Thibault and Daloise said the changes will compromise public safety.

They said there is already a great degree of confusion in Nelson with regard to the roles of the fire hall and the ambulance service in response to 911 calls, and they said the new plan will make that worse.

They asked council to raise this issue at the upcoming annual meeting of the Association of Kootenay Boundary Local Governments. Council agreed to do this during a short regular meeting that was held following the Committee of the Whole.

The fire department’s written presentation to council is attached below. The Nelson Daily will run a more detailed story on this in the coming week.

Medical Marijuana

Police chief Wayne Holland spoke with council about new federal regulations on medical marijuana that will come into effect on April 1. Under those regulations, marijuana will be treated like a medicine, a doctor and patient will decide whether marijuana will be prescribed and in what amount, the marijuana may only be obtained from a licenced supplier, the patient may only possess a maximum of 150 grams at any given time and must have proof of lawful entitlement, and there are many rules around being approved as a supplier.
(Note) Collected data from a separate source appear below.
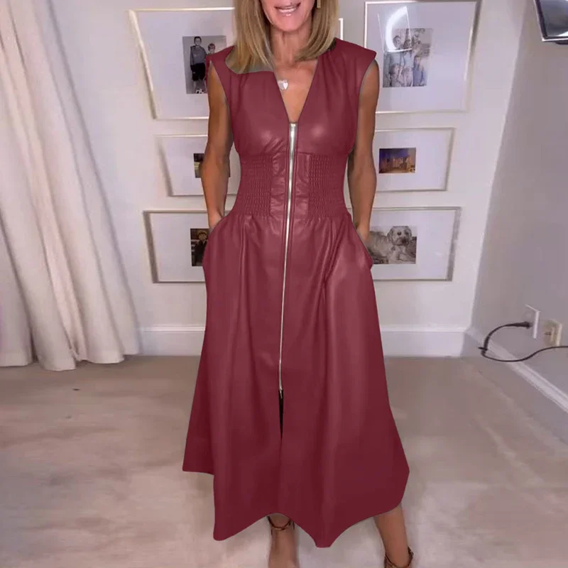Women Zipper PU Leather High Waist Sleeveless Dresses 2025 Vestidos V Neck Solid Color Holiday Dress Women's A-line Maxi Dress
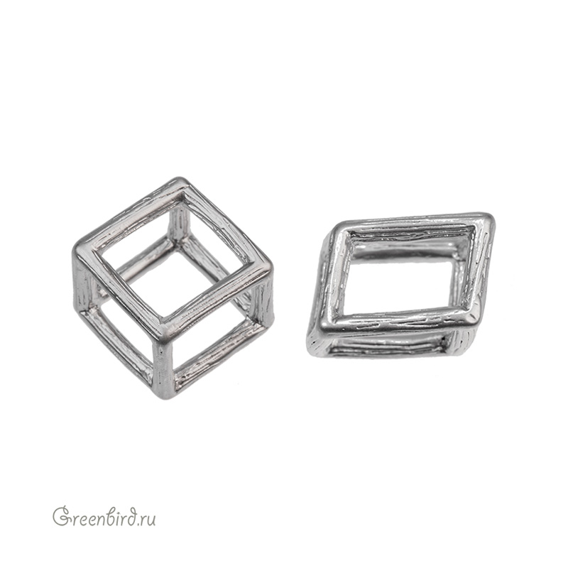 Металлическая бусина в форме наклонного параллелепипеда. Материал: латунь, покрытие: матовый родий. Размер: 11 х 8,3 х 11 мм, толщина каждой грани примерно 1,7 мм. Производство: Корея. Цена указана за 1 шт.
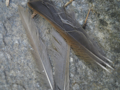 This morning I saved a tiny bird from the cat. He had brought it inside, and it was sitting on the bed in my guestroom/sewingroom/yarnstashroom, looking terrified, and the cat lurking next to it, just waiting for the bird to make a run for it so he could catch it again. It was a good thing I had already moved the cumulus from the bed! I took the bird and carried it outside, and locked the cat up, giving the bird a cance to catch his breath before it went on it's way again. The bird left these feathers behind. I hope he made it through and has learned to stay away from cats.
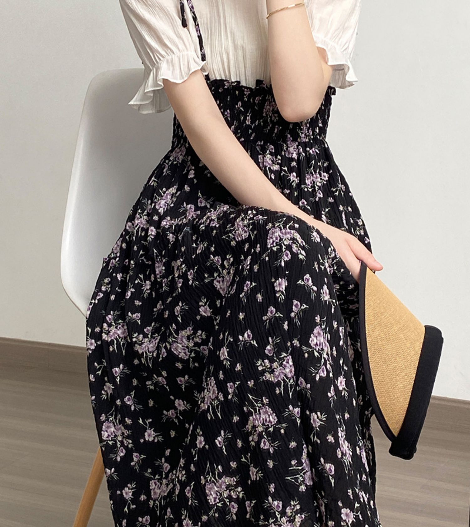 黑色碎花吊帶裙2023新款女夏季小個子雪紡蛋糕裙假兩件吊帶連衣裙
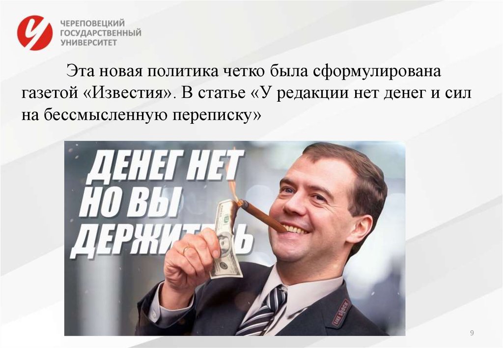 Эта новая политика четко была сформулированагазетой «Известия». В статье «У редакции нет денег и сил

Chief Holland explained that there is likely to be some confusion after April 1 and he said his department will be taking a cautious approach.

The police chief’s presentation to council is attached below. See a March 11 story inThe Nelson Daily for more detail.

Nelson Landing

Michael Donner presented arguments against variances proposed to the city by Storm Mountain Developments who are proceeding with the Nelson Landing housing development in the vicinity of Red Sands Beach.
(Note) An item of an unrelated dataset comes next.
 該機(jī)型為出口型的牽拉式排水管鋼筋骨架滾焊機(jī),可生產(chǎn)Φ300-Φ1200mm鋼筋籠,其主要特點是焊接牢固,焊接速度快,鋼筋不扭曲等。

Donner’s written presentation to council is attached below. 

Bike Racks

Claus Schunke explained that he thinks spending $3000 on artistic bike racks for Nelson is an irresonsible way of spending taxpayers’ money and was decided without enough discussion.

“There are numerous bicycles in town and the surrounding area,” he said, “but a bike is not a commonly accepted primary means of transportation. And here never will be. Due to Nelson-and-area geographical ups/downs and distance stretches, people will not give up their cars, and our ever-increasing seniors will not ride bikes down or uphill.”